(ABOUT THIS TASK) Copy out the entries below exactly as they stand, but only from the line containing "All my watches" through the line containing "With its Hook-and-Hang™".

(MATERIAL FOR THIS TASK)
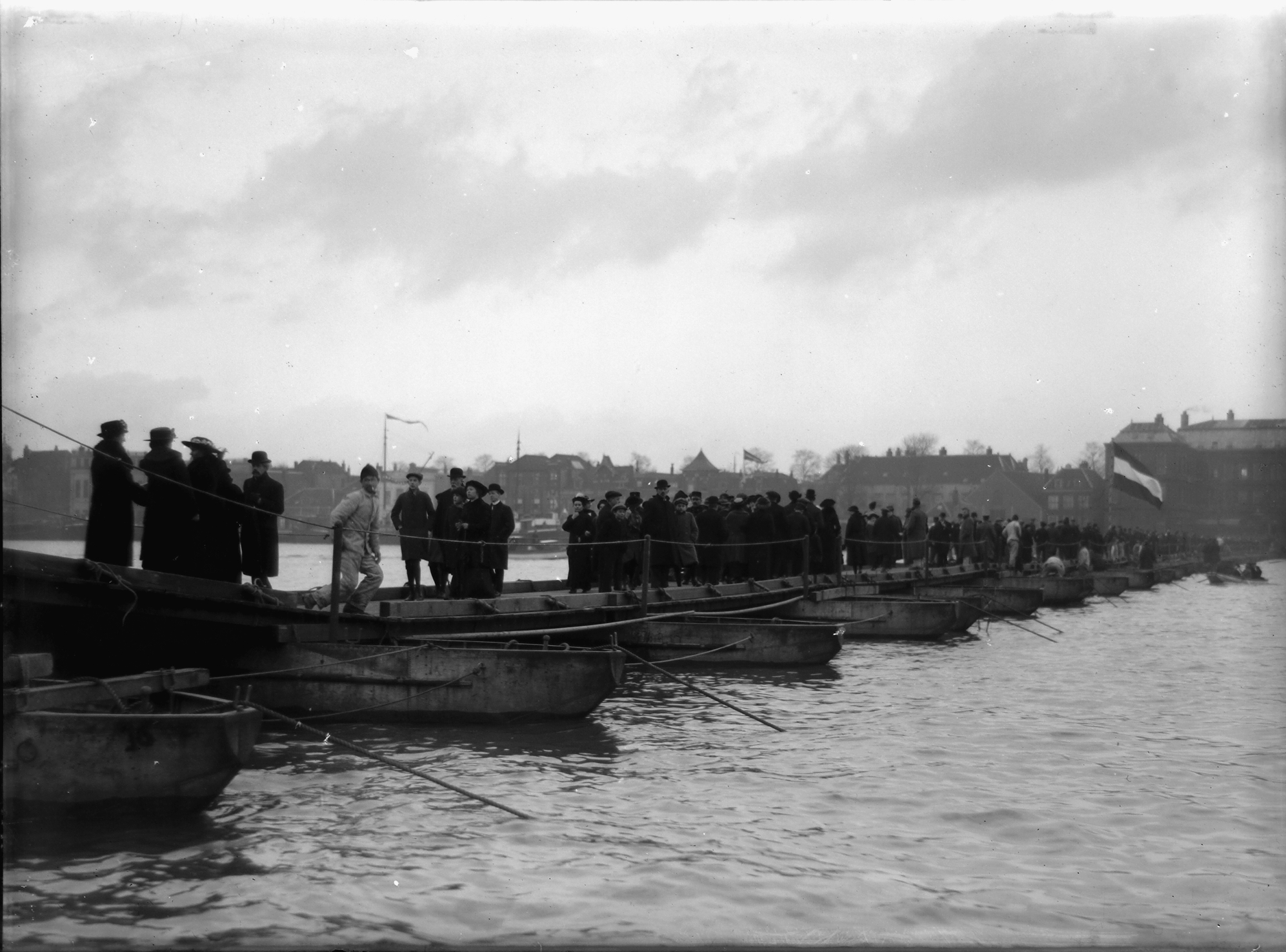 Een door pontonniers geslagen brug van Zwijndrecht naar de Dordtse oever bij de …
---
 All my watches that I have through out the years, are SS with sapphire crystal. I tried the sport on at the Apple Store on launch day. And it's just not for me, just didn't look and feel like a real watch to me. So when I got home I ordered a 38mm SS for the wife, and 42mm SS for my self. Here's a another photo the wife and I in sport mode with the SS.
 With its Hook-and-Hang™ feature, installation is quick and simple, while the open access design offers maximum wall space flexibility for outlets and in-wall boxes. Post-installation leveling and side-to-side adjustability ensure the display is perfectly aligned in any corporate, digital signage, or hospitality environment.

(EXERCISE RESULT)
 All my watches that I have through out the years, are SS with sapphire crystal. I tried the sport on at the Apple Store on launch day. And it's just not for me, just didn't look and feel like a real watch to me. So when I got home I ordered a 38mm SS for the wife, and 42mm SS for my self. Here's a another photo the wife and I in sport mode with the SS.
 With its Hook-and-Hang™ feature, installation is quick and simple, while the open access design offers maximum wall space flexibility for outlets and in-wall boxes. Post-installation leveling and side-to-side adjustability ensure the display is perfectly aligned in any corporate, digital signage, or hospitality environment.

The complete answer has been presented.